Collected data:

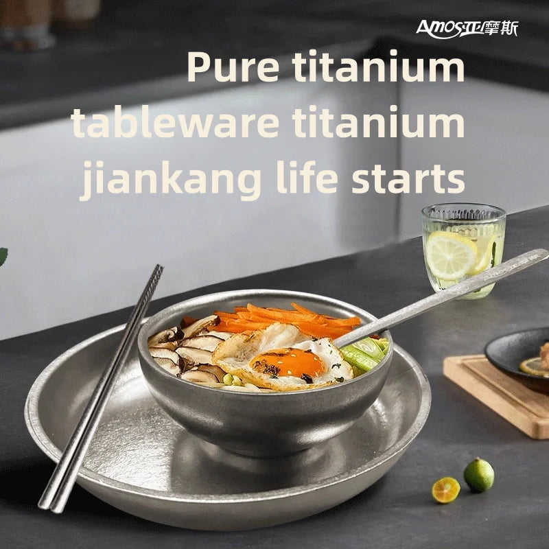 ชุดภาชนะอาหารไทเทเนียมแบบนำกลับมาใช้ใหม่ได้ตามต้องการประกอบด้วยชามตะเกียบช้อนและจานสำหรับเป็นของขวัญทางธุรกิจ
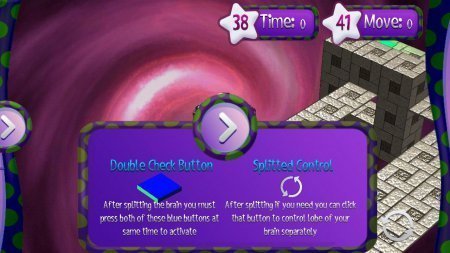 Split My Brain - проект на системе андроид, в которой непременно тебе предстоит руководить правой и левой половинки мозга для преодоления уровня. Пара кубов Split My Brain представляют твой мозг, для того чтобы попасть к финишу ты можешь руководить ими по одному либо собрать воедино и направлять их перемещение сообща. Преимущества -- сорок разноплановых ступеней в двух главах. Разно форматные решения для преодоления сохраненных ступеней. Клавиша переключатель, которая даст возможность руководить долями мозга раздельно. Удивительный игровой геймплей.
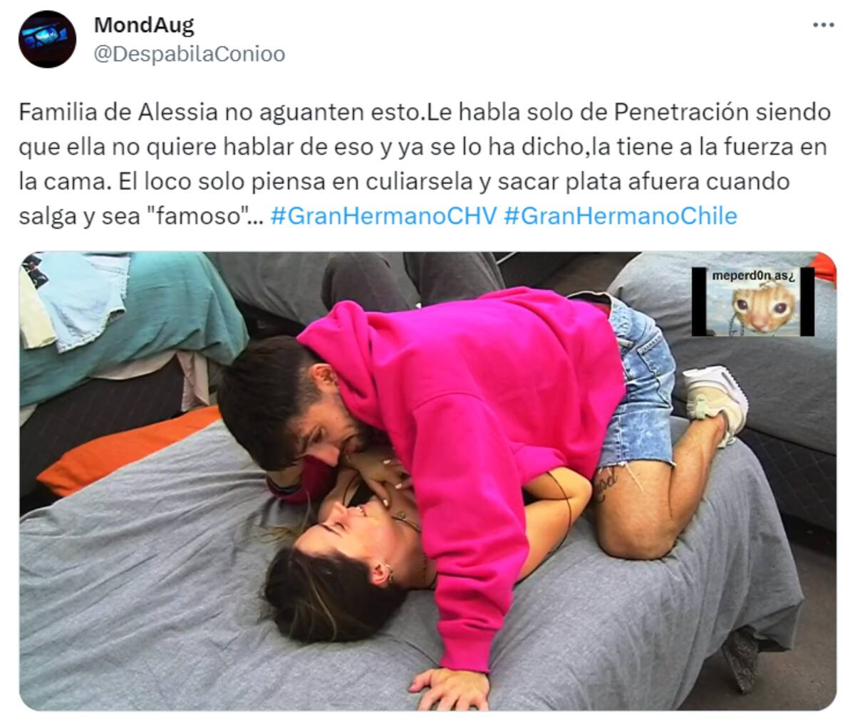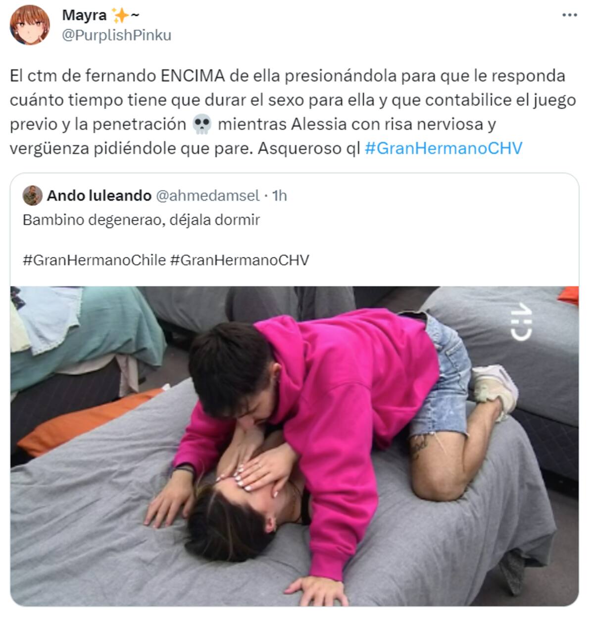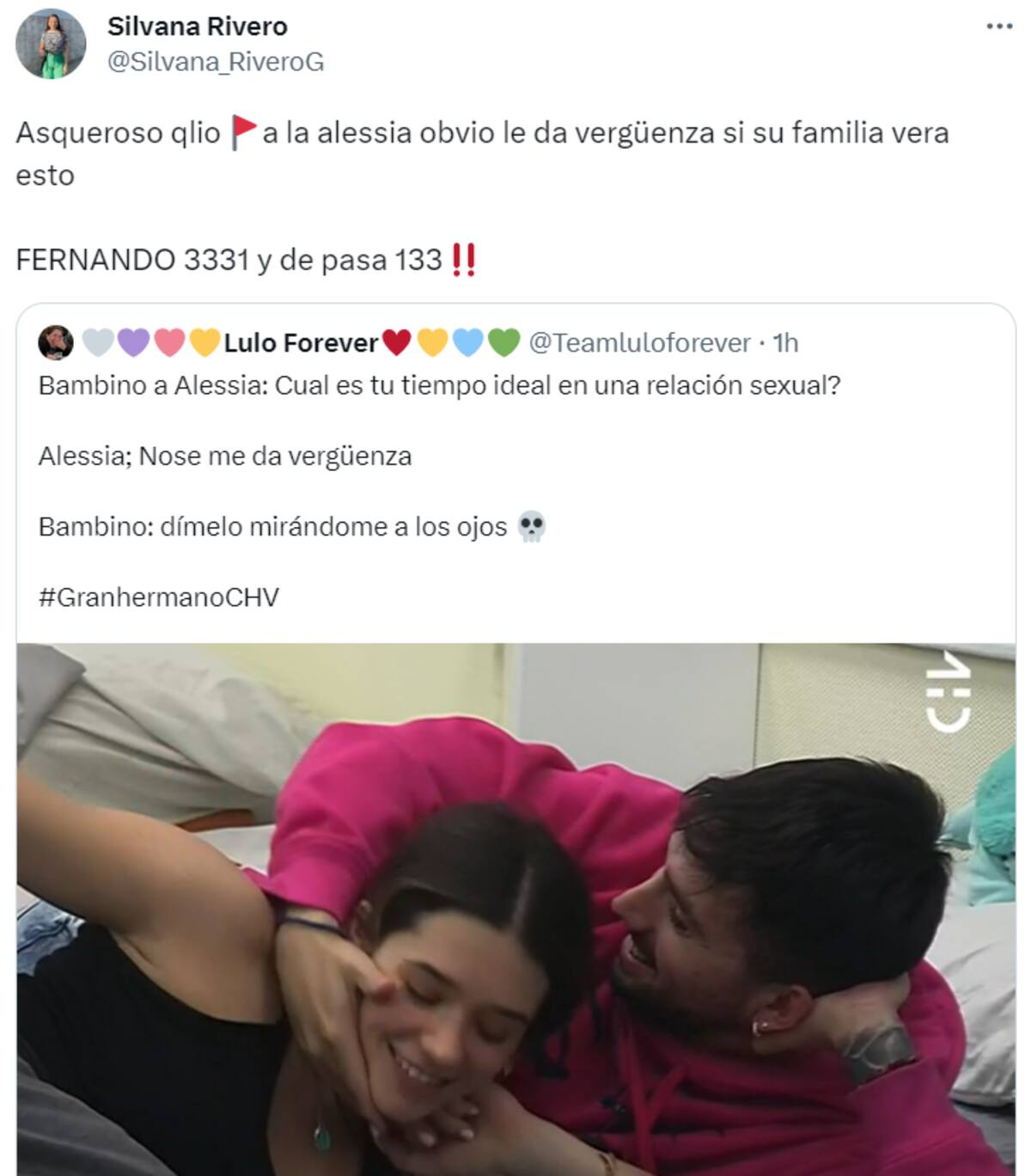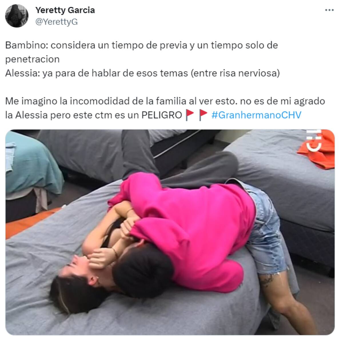 “Ella claramente no quiere, la tiene, prácticamente, a la fuerza en la cama”, “Pobre Alessia, este tipo es una tras otra red flag”, “Bambino degenerado, déjala dormir”, “No es de mi agrado Alessia, pero este es un peligro”, fueron algunos de los comentarios que se dejaron leer.
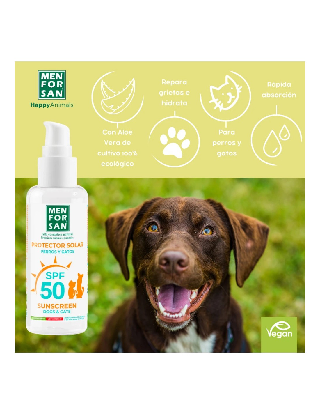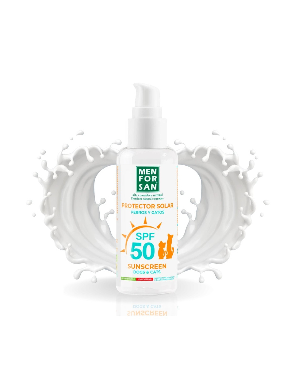 El Protector Solar Factor 50 para Perros y Gatos de Menforsan es un producto especialmente formulado para proteger la piel de tus mascotas de los efectos dañinos de los rayos solares, previniendo quemaduras, irritaciones y el envejecimiento prematuro de la piel. Su alta protección SPF 50 lo convierte en una solución eficaz para perros y gatos de todas las razas, edades y tipos de pelaje, especialmente aquellos con piel clara, zonas sin pelo o sensibles al sol.
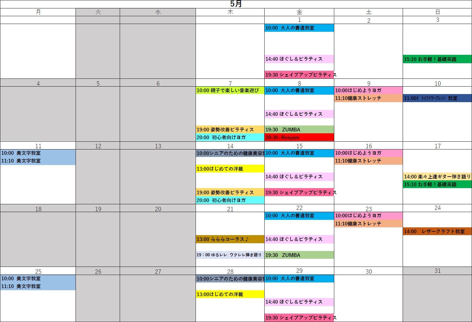 2026年5月講座スケジュール
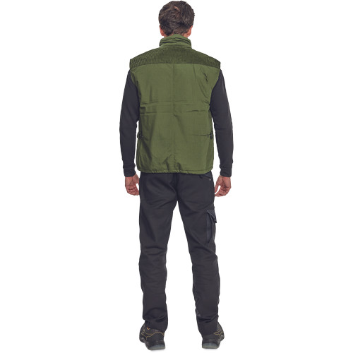 • bélelt mellény kordbársony vállrésszel • állógallér • fém patentokkal állítható bőség • húzózsinórral szűkíthető alsó szegély • gépi hímzésre alkalmas
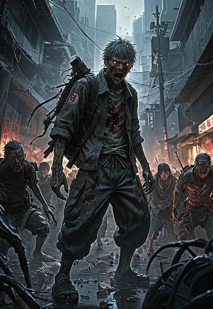 Award-winning , 4K digital painting in the style of Yoshitaka Amano. Detailed and intricate depiction of a zombie apocalypse , masterfully capturing the chaos and drama of the scene. Beautiful lighting and cinematic composition make this piece a true masterpiece , trending on artstation , Water Color ,
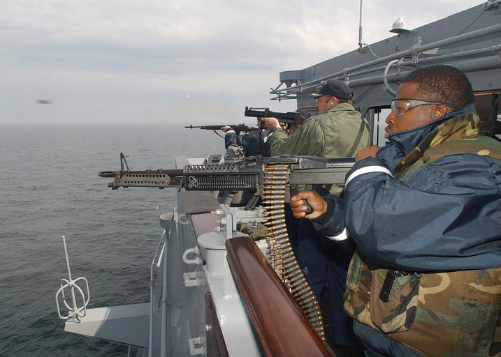 | Keywords: US Navy 030611-N-4374S-003 Crewmembers assigned to the Aegis-class cruiser USS Vella Gulf (CG 72) conduct a small arms fire exercise during the annual maritime exercise Baltic Operations 2003 (BALTOPS 2003).jpg en Baltic Sea Jun 11 2003 -- Crewmembers assigned to the Ticonderoga class cruiser USS Vella Gulf CG 72 conduct a small arms exercise during the annual maritime exercise Baltic Operations 2003 BALTOPS 2003 The United States and 12 other nations are participating in this year's exercise BALTOPS 2003 is intended to improve interoperability between allies and Partnership for Peace countries by conducting a peace support operation at sea including exercises in gunnery replenishment-at-sea undersea warfare radar tracking mine countermeasures seamanship search and rescue maritime interdiction operations and scenarios dealing with potentially real world crises U S Navy photo by Photographer s Mate 2nd Class Michael Sandberg RELEASED 2003-06-11 030611-N-4374S-003 Navy http //www navy mil/view_image asp id 8018 U S Navy photo by Photographer s Mate 2nd Class Michael Sandberg PD-USGov-Military-Navy BALTOPS 2003 M60 machine gun Aboard USS Vella Gulf CG-72 |

What the task asks: Please repeat each line above exactly as it appears, but omit the pictures.

Task answer:
 ชุดภาชนะอาหารไทเทเนียมแบบนำกลับมาใช้ใหม่ได้ตามต้องการประกอบด้วยชามตะเกียบช้อนและจานสำหรับเป็นของขวัญทางธุรกิจ
 Split My Brain - проект на системе андроид, в которой непременно тебе предстоит руководить правой и левой половинки мозга для преодоления уровня. Пара кубов Split My Brain представляют твой мозг, для того чтобы попасть к финишу ты можешь руководить ими по одному либо собрать воедино и направлять их перемещение сообща. Преимущества -- сорок разноплановых ступеней в двух главах. Разно форматные решения для преодоления сохраненных ступеней. Клавиша переключатель, которая даст возможность руководить долями мозга раздельно. Удивительный игровой геймплей.
 “Ella claramente no quiere, la tiene, prácticamente, a la fuerza en la cama”, “Pobre Alessia, este tipo es una tras otra red flag”, “Bambino degenerado, déjala dormir”, “No es de mi agrado Alessia, pero este es un peligro”, fueron algunos de los comentarios que se dejaron leer.
 El Protector Solar Factor 50 para Perros y Gatos de Menforsan es un producto especialmente formulado para proteger la piel de tus mascotas de los efectos dañinos de los rayos solares, previniendo quemaduras, irritaciones y el envejecimiento prematuro de la piel. Su alta protección SPF 50 lo convierte en una solución eficaz para perros y gatos de todas las razas, edades y tipos de pelaje, especialmente aquellos con piel clara, zonas sin pelo o sensibles al sol.
 2026年5月講座スケジュール
 • bélelt mellény kordbársony vállrésszel • állógallér • fém patentokkal állítható bőség • húzózsinórral szűkíthető alsó szegély • gépi hímzésre alkalmas
 Award-winning , 4K digital painting in the style of Yoshitaka Amano. Detailed and intricate depiction of a zombie apocalypse , masterfully capturing the chaos and drama of the scene. Beautiful lighting and cinematic composition make this piece a true masterpiece , trending on artstation , Water Color ,
 | Keywords: US Navy 030611-N-4374S-003 Crewmembers assigned to the Aegis-class cruiser USS Vella Gulf (CG 72) conduct a small arms fire exercise during the annual maritime exercise Baltic Operations 2003 (BALTOPS 2003).jpg en Baltic Sea Jun 11 2003 -- Crewmembers assigned to the Ticonderoga class cruiser USS Vella Gulf CG 72 conduct a small arms exercise during the annual maritime exercise Baltic Operations 2003 BALTOPS 2003 The United States and 12 other nations are participating in this year's exercise BALTOPS 2003 is intended to improve interoperability between allies and Partnership for Peace countries by conducting a peace support operation at sea including exercises in gunnery replenishment-at-sea undersea warfare radar tracking mine countermeasures seamanship search and rescue maritime interdiction operations and scenarios dealing with potentially real world crises U S Navy photo by Photographer s Mate 2nd Class Michael Sandberg RELEASED 2003-06-11 030611-N-4374S-003 Navy http //www navy mil/view_image asp id 8018 U S Navy photo by Photographer s Mate 2nd Class Michael Sandberg PD-USGov-Military-Navy BALTOPS 2003 M60 machine gun Aboard USS Vella Gulf CG-72 |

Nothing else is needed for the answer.